Préambule ; la sociologie aide à dessiner à grands traits une société ; ne pas vous reconnaître dans ce portrait ne veut pas dire qu’il n’existe pas. Constater de quelque chose ne veut pas dire que je l’approuve.
Très tôt, avant même leur naissance, garçons et filles sont conditionnés à leur futur rôle. Des études montrent que devant un bébé qu’on suppose garçon, on loue sa vivacité et son caractère colérique. L’on exalte chez le petit garçon des valeurs dites viriles comme la compétitivité ou l’agressivité.

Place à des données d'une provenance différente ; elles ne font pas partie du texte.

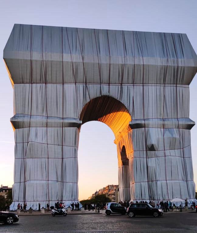 Finalement, ce n’est qu’après la mort de Christo survenue en mai 2020, que sera réalisé l’empaquetage de l’Arc de Triomphe en septembre et octobre 2021. Christo ne verra jamais le plus national des monuments français, frémir sous son voile bleu argenté, ceinturé de cordes écarlates qu’il décrivait dès 1961 par ces mots : « Ce sera comme un objet vivant qui va s’animer dans le vent et refléter la lumière. Les plis vont bouger, la surface du monument va devenir sensuelle. Les gens auront envie de toucher l’Arc de triomphe. »

Une étude menée par Fisher Price révélait que les parents répugnent à ce qu’un petit garçon joue à des « jeux de fille ». Même si les modèles parentaux ont beaucoup évolué, et que les pères souhaitent s’occuper de leurs enfants, on voit encore des poupons à destination unique des petites filles.
Si l’agressivité et la compétitivité sont beaucoup encouragées chez les petits garçons, elles sont aussi durement réprimées. l’enfant se retrouve ainsi dans un système de double bind. Aux USA le nombre de garçons traitées avec de la ritaline est bien supérieur à celui des filles. En France on punit beaucoup plus les garçons en invoquant d’ailleurs parfois la naturalitéde leur comportement.
Comme le souligne Daniel Welzer Lang; le garçon doit rentrer dans « la maison des hommes ». j’ai ainsi souvenir d’une mère disant à son fils de 4 ans qui était tombé et pleurait « ne pleure pas t’es pas une fille« . L’enfant était doublement humilié ; on lui niait le pouvoir des larmes pour se soulager, et on le ramenait à ce qu’il ne faut surtout pas être pour un homme ; une femme, une femelette, une fillette, un homme efféminé. C’est ce qui revient d’ailleurs dans l’enquête de Fisher Price ; les jouets dits de fille auraient le pouvoir magique de transformer de jeunes garçons en êtres efféminés.
Christophe Dejours montre les rituels existant encore dans certains corps de métier pour « être un homme » : « Est un homme véritablement viril celui qui est insensible à la souffrance, ne refuse jamais une tâche par peur, et inflige lui-même la souffrance ou la douleur à autrui. Celui qui déroge à cette loi est un gars qui n’en a pas, un «pédé» : l’insulte est toujours sexualisée. Ces comportements ne sont pas de simples manifestations stupides de virilité. Ce sont des dispositifs mis en place pour combattre la peur, des stratégies collectives de défense. »
Si les hommes sont en général instigateurs des violences physiques et sexuelles, ils sont également victimes de ces violences. Laurent Mucchielli montre que les deux tiers de victimes d’homicides sont des hommes (entre 85 et 90% des auteurs identifiés).
Pourtant cette violence est admise, tolérée, comprise comme faisant partie du chemin de vie d’un homme. celui qui s’en plaindrait, qui ne voudrait pas rentrer dans ce « jeu », qui refuserait le rôle social qu’on lui impose, serait vu comme … un non homme.